Although the distal end of the claw 3a is formed in a trapezoidal shape in the present embodiment, the distal end may be acuminated to allow the cable to be easily inserted. Moreover, the inner diameter formed by the claw 3a may be formed in a smaller size than the outer diameter of the cable 7 to be inserted in order to strengthen bearing force against the force in the removing direction of the cable. Moreover, the inner peripheral portion of the stopper 3 is provided with radius in accordance with the diameter of the cable so that the distal end of the claw 3a may make line contact with the cable 7. In this way, the shape of the claw 3a is not particularly limited and any shape is acceptable as long as it has a configuration which is suitable to a predetermined fastening force required to maintain the cable.

As illustrated in the section view taken along the line B-B in FIG. 3(b), the supporting portion 3a is bent toward the inner direction of the connector main body 1 at about 45° of the bent angle θ, and the whole stopper 3 is formed in substantially conical shape with the front portion narrower.

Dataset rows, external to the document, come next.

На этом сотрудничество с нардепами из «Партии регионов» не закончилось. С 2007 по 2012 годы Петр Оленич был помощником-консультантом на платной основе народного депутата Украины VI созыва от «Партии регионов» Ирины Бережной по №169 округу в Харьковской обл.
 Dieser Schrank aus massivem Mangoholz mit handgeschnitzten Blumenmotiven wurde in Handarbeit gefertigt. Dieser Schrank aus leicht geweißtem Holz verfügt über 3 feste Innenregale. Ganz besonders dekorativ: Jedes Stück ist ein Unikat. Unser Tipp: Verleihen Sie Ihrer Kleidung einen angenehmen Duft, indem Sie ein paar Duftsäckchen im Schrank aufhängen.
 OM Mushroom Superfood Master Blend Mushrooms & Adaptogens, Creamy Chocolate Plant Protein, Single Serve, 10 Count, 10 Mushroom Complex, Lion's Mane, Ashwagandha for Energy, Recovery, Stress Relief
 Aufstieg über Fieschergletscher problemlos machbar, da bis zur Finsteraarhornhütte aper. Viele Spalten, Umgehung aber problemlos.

By bending as the above, the supporting portion 3a expands easily in diameter at a time of inserting operation of the cable, thereby smoothing the inserting operation. When a drawing stress is applied to the inserted cable, the supporting portion assuredly bites into the cable, thereby preventing the cable from dropping out.

Further, the fastening portion 3b of the stopper 3 has a predetermined flat surface in the outer peripheral direction, and in the connector main body 1 in which the flat surface 3b is disposed, a stepped portion 14a of a fixed sleeve 14 and an end portion of the fixed ring 15 hinder the back-and-forth movement of the fastening portion 3b. Because of this, the fastening portion 3b is not deformed being bent forward or backward even if a large stress is applied to the cable, the bent angle θ of the claw 3a of the stopper 3 is maintained with a favorable supporting operation.

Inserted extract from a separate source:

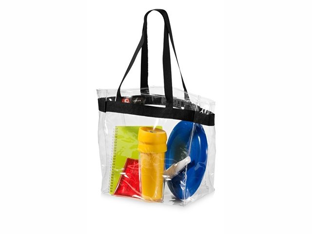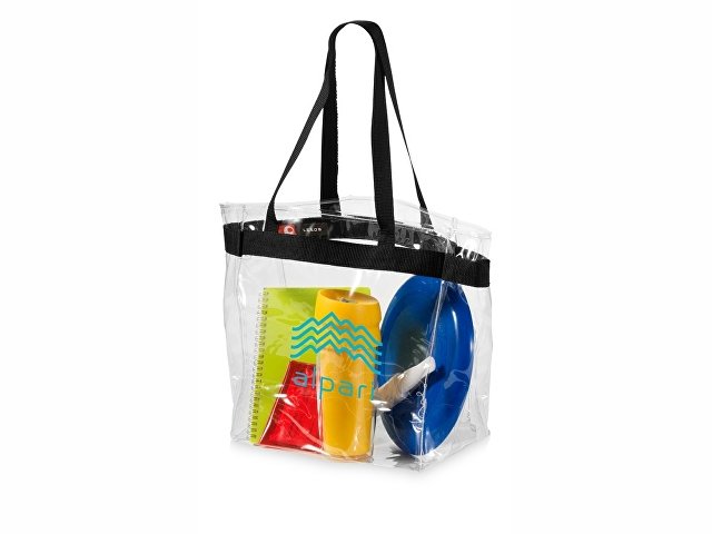 Эта прозрачная сумка отлично подходит для фанатов, которые предпочитают безопасно паковать свои принадлежности для стадиона и мероприятий. Она также подходит для работы и школы. Открытое основное отделение со спортивной сетчатой отделкой и двумя ручками. Высота ручек 27 см. Принадлежности не включены. ПВХ. Тампопечать (1 цвет (цветные изделия)) на данный товар осуществляется бесплатно. Оплачивается только настройка оборудования в размере 4500 рублей на весь тираж.

In addition, when a fastening portion 3b is bound with a stepped portion 14a of a fixed sleeve 14 and an end portion of the fixed ring 15, the fixed sleeve 14 and the fixed ring 15 are attached so as to closely contact with each other. This configuration prevents the stopper from not only moving back and forth but also rotating. This means that the stopper 3 also serves as a rotation-stopping means, resulting that the cable can be attached reliably because it withstands a drawing stress applied to the cable as well as a rotation stress applied thereto.

In this embodiment in which the stopper 3 serves as a rotation-stopping means, the fixing sleeve, the fixing ring, and the flat surface 3b of the stopper 3 are a fixing means claimed in the present invention.

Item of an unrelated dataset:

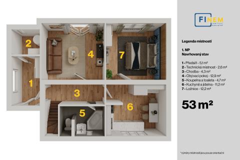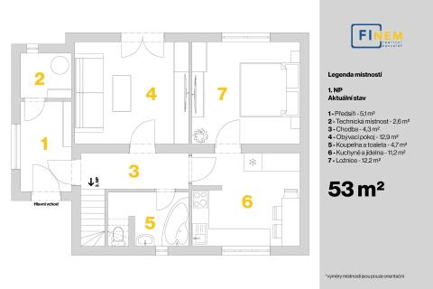 Nabízíme k prodeji samostatně stojící rodinný dům se zahradou 746 m² v obci Všestudy. Dům se nachází v klidné lokalitě v blízkosti přírody a zároveň nabízí velmi dobrou dostupnost do okolních měst. Pozemek je oplocený a poskytuje dostatek soukromí i prostoru pro odpočinek. Užitná plocha domu činí přibližně 85 m². Celková výměra pozemku je 843 m², z čehož zahrada tvoří 746 m². Vstup do domu vede do zádveří. Odtud je přístupná technická místnost s plynovým kotlem. Ze zádveří se dále vstupuje do centrální chodby. Z chodby je vstup do kuchyně, koupelny s vanou a toaletou a do obývacího pokoje. Obývací pokoj je světlý. Má přímý vstup na zahradu přes francouzské okno, díky tomu je interiér příjemně propojený se zahradou. Kuchyně je samostatná místnost, je vybavena kuchyňskou linkou na míru, plynovým sporákem a pračkou. Navazuje na ni ložnice orientovaná do klidnější části domu. Z chodby vede schodiště do podkroví. Je zde počítáno s vybudováním dvou obytných místností a samostatné toalety. Prostory jsou připravené k dokončení dle vlastních představ. Z podkroví je přístupná také půda, která slouží pouze jako menší úložný prostor. Dům je napojen na obecní vodovod, kanalizaci, elektřinu i plyn. Vytápění zajišťuje plynový kotel. Okna jsou plastová. V obytných místnostech jsou plovoucí podlahy, na chodbě a v koupelně je dlažba. Dům je plně funkční a připravený k nastěhování. Na pozemku se nachází garáž s dílnou a zahradní domek. Parkování je možné na pozemku i před domem na nově vybudovaných veřejných parkovacích stáních. Obec Všestudy je klidná a neprůjezdná. Nachází se zde samoobsluha, fotbalové a dětské hřiště, autobusová zastávka s přímým spojením do Kralup nad Vltavou i do Prahy na metro C Kobylisy. Obec se navíc postupně rozrůstá a vzniká zde nová rezidenční čtvrť, což z ní činí perspektivní lokalitu vhodnou pro dlouhodobé bydlení i investici. Velkou výhodou je blízkost zámeckého parku ve Veltrusech. Park je vzdálen jen několik minut a nabízí rozsáhlé zelené plochy, aleje, kavárnu a prostor pro sport i procházky. Do Kralup nad Vltavou se dostanete přibližně za 10 minut jízdy. Město nabízí kompletní občanskou vybavenost, parkovací dům a výborné vlakové spojení do centra Prahy. Cesta vlakem na Masarykovo nádraží trvá zhruba 35 minut. Do Mělníka je dojezd přibližně 20 minut. Nájezd na dálnici D8 je vzdálen zhruba 5–10 minut jízdy. Obchodní zóna v Kozomíně je vzdálena přibližně 8 km, tedy zhruba 10 minut jízdy autem. Nachází se zde supermarkety, drogerie, lékárna, elektro, hobby market, restaurace a další služby. Nemovitost je možné financovat hypotečním úvěrem. S jeho vyřízením Vám rádi pomůžeme. Více informací a kompletní prezentaci nemovitosti najdete na webové prezentaci: vsestudy.finemreality.cz V případě více zájemců bude nemovitost prodána nejvýhodnější nabídce. FINEM – REALITY s.r.o. | osobní a férový přístup

When manufacturing the stopper, the claw 3a is made by punching out and then, the claw 3a is bent. Favorably, the claw 3a is cut-out, starting from the front (the left side in FIG. 3(b)). Thus, the rear end portion of the claw 3a (the inner peripheral end portion at the left side in FIG. 3(b)) coming into contact with the cable 7 is formed into an acute angle, thereby enabling the assured support of the cable 7. In FIG. 3, although six claws are provided, it is possible to change the number easily by changing the width of the cut-out portion. Namely, it is possible to change the number of the claws 3a.

The stopper 3 thus formed is fixed to the anchor 4 and then arranged in the connector main body 1. The anchor 4 consists of the fixed sleeve 14 for fastening it to the connector main body 1 and the fixed ring 15 for fastening the stopper 3 to the fixed sleeve 14 and the fixed sleeve 14 has the stepped portion 14a for blocking the stopper 3 inwardly and the releaser inserting portion 14b. The fixed ring 15 is formed with the same diameter as the stopper 3. The stopper 3 is fixed to the anchor 4 by inserting the stopper 3 from the front side to a fixed position of the fixed sleeve 14 as well as by inserting the fixed ring 15, and the diameter of the end opening portion of the fixed sleeve 14 is shrunken by press. Thus, the fixed ring 15 is prevented from falling out and the stopper 3 can be fixed within the anchor 4. By pressing the anchor 4 with the stopper 3 fixed therein from the rear portion of the connector main body 1, the stopper 3 is built into the connector main body 1.

The releaser 5 is formed by a cylindrical sliding portion 5a sliding around the cable 7 and a brim-shaped operating portion 5b, provided in the back of the sliding portion 5a, for operating the sliding portion 5a. The sliding portion 5a has a length extending from the rear portion of the fixed sleeve 14 to the stopper 3, and its distal end is formed into an acute angle with a tapering surface providing a fitting portion 5d abutting the supporting portion 3a of the stopper 3 as illustrated in the enlarged view of portion A shown in FIG. 1. The outer periphery of the sliding portion 5a has a stepped portion 5c that is engaged with a projection 14c formed on the releaser inserting portion 14b of the fixed sleeve 14 so that the projection 14c can prevent the inserted releaser 5 from falling out.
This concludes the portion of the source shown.